** To do **
Copy out the data that comes next, character for character, and leave the images aside.

** Supplied material **

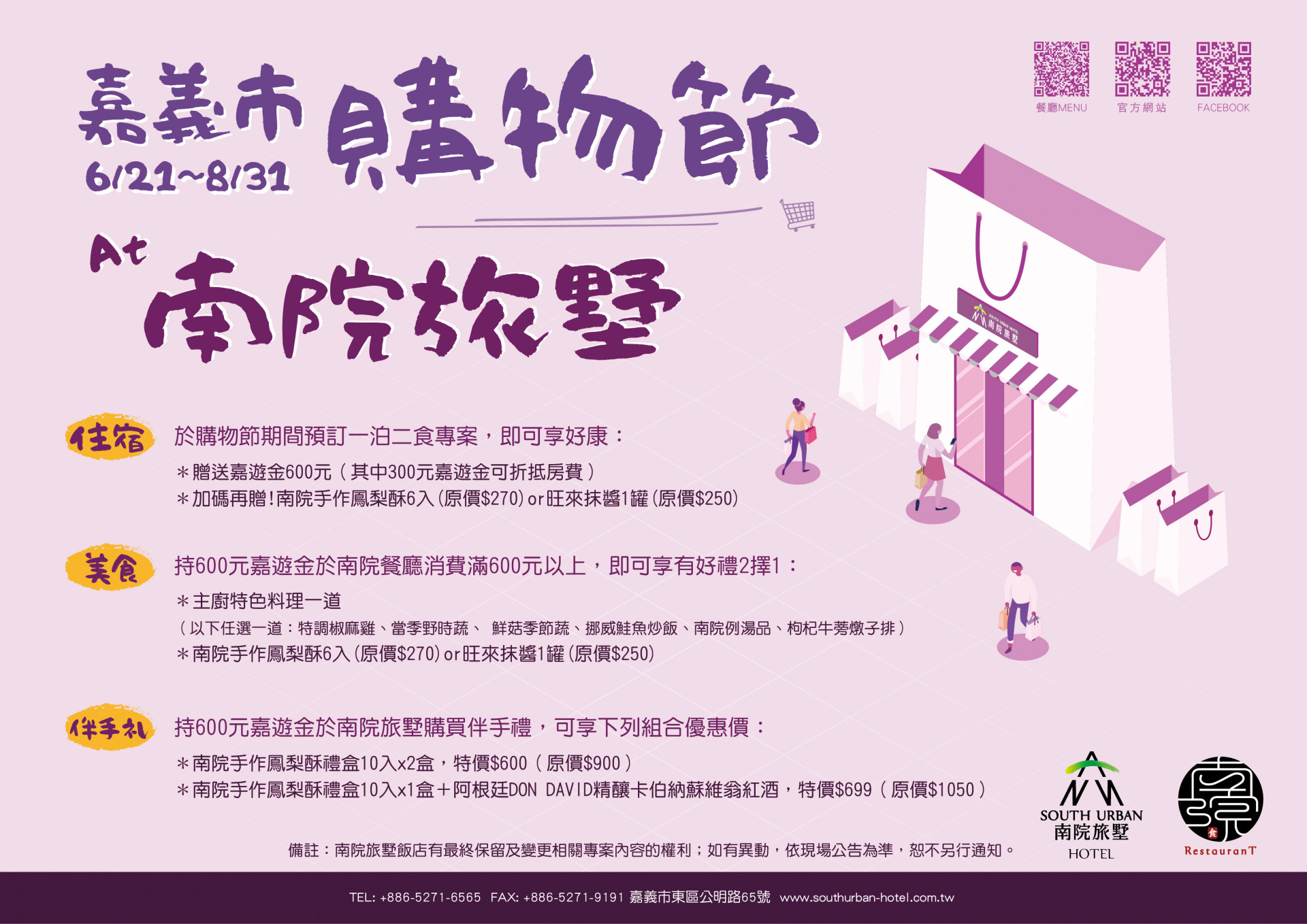 如果您正好需要一趟旅行,如果您嚮往南方的溫暖與熱情,如果您正好想來到嘉義 「南院旅墅」會是您最舒適的歇腳處,更是您旅途中的一處風景。位於嘉義市中心的「南院旅墅」,以「南方的院子,旅行中的別墅」為設計初心,取材阿里山森林、嘉南平原風光以及沿海美景,堆砌出「山、海、田」建築特色,營造舒適大氣的住宿環境,讓您在城市中,也能慢享整個嘉義風情。無論是獨行背包客、是兩人甜蜜共遊、三五好友同樂、家庭親子時光、商務會議參訪或美食饗宴、品嚐咖啡美酒,「南院旅墅」都能滿足您所有的想望。這次是甚麼緣由讓您來到嘉義?我們誠摯歡迎閣下蒞臨嘉義「南院旅墅」!
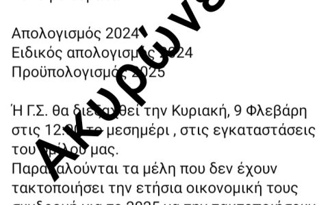 Λόγω της κατάστασης που επικρατεί στο νησί μας, η συνέλευση που ήταν προγραμματισμένη για την Κυριακή 9 Φεβρουαρίου ακυρώνεται.
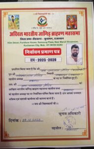समाज बंधुओं ने नव निर्वाचित अध्यक्ष चंपालाल जांगिड़ को बधाई दी और उम्मीद जताई कि उनके नेतृत्व में महा सभा तहसील स्तर पर और अधिक मजबूत होगी।

** Your solution **
 如果您正好需要一趟旅行,如果您嚮往南方的溫暖與熱情,如果您正好想來到嘉義 「南院旅墅」會是您最舒適的歇腳處,更是您旅途中的一處風景。位於嘉義市中心的「南院旅墅」,以「南方的院子,旅行中的別墅」為設計初心,取材阿里山森林、嘉南平原風光以及沿海美景,堆砌出「山、海、田」建築特色,營造舒適大氣的住宿環境,讓您在城市中,也能慢享整個嘉義風情。無論是獨行背包客、是兩人甜蜜共遊、三五好友同樂、家庭親子時光、商務會議參訪或美食饗宴、品嚐咖啡美酒,「南院旅墅」都能滿足您所有的想望。這次是甚麼緣由讓您來到嘉義?我們誠摯歡迎閣下蒞臨嘉義「南院旅墅」!
 Λόγω της κατάστασης που επικρατεί στο νησί μας, η συνέλευση που ήταν προγραμματισμένη για την Κυριακή 9 Φεβρουαρίου ακυρώνεται.
समाज बंधुओं ने नव निर्वाचित अध्यक्ष चंपालाल जांगिड़ को बधाई दी और उम्मीद जताई कि उनके नेतृत्व में महा सभा तहसील स्तर पर और अधिक मजबूत होगी।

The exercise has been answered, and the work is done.